Optimization: In Memory Tables

Loading PGD tables in memory, if indexed properly, will greatly outperform on-disk tables. It is a solution dependent on a capable enough server.

Indexing Memory Tables

Memory tables will only outperform a properly indexed on-disk table if it is also indexed. Above a certain threshold a full table scan of a memory table is still slower than a binary search of an index, even when it is on disk.

Memory tables support indexing, but mysql does not correctly index when using btree. Btree is the default for on-disk tables, and is generally faster than a Hash index. however, mysql will generate an empty index when btree is used with memory tables. This means that any table joined with a memory table must also be in memory.

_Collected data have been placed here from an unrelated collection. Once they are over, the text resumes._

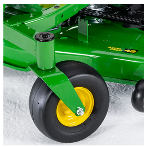
Front caster wheel

A shock absorber is included to dampen the movement of the control levers so any operator can make smooth, controlled turns.
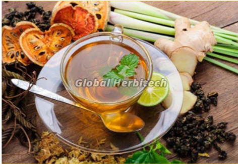
Instant Herbal Tea
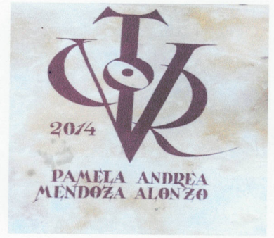
MODELO - C

Parallelization of Queries

Memory addresses can be read by multiple threads simultaneously, unlike disks which require seeking back and forth. Without seek times to slow down simultaneous reads, multiple queries can be run on an in memory table at the same time. This can reduce the time required for a query to the longest in the set of queries

Diagram

Note that this becomes a limitation of CPU cores and the number of concurrent threads the server is capable of handling.

Startup and Django Configuration Issues

Memory tables do not persist through mysql restarts. They must be recreated and indexed every time the server starts. This needs to be automated so that when the server first starts it is able to check and create the tables if needed.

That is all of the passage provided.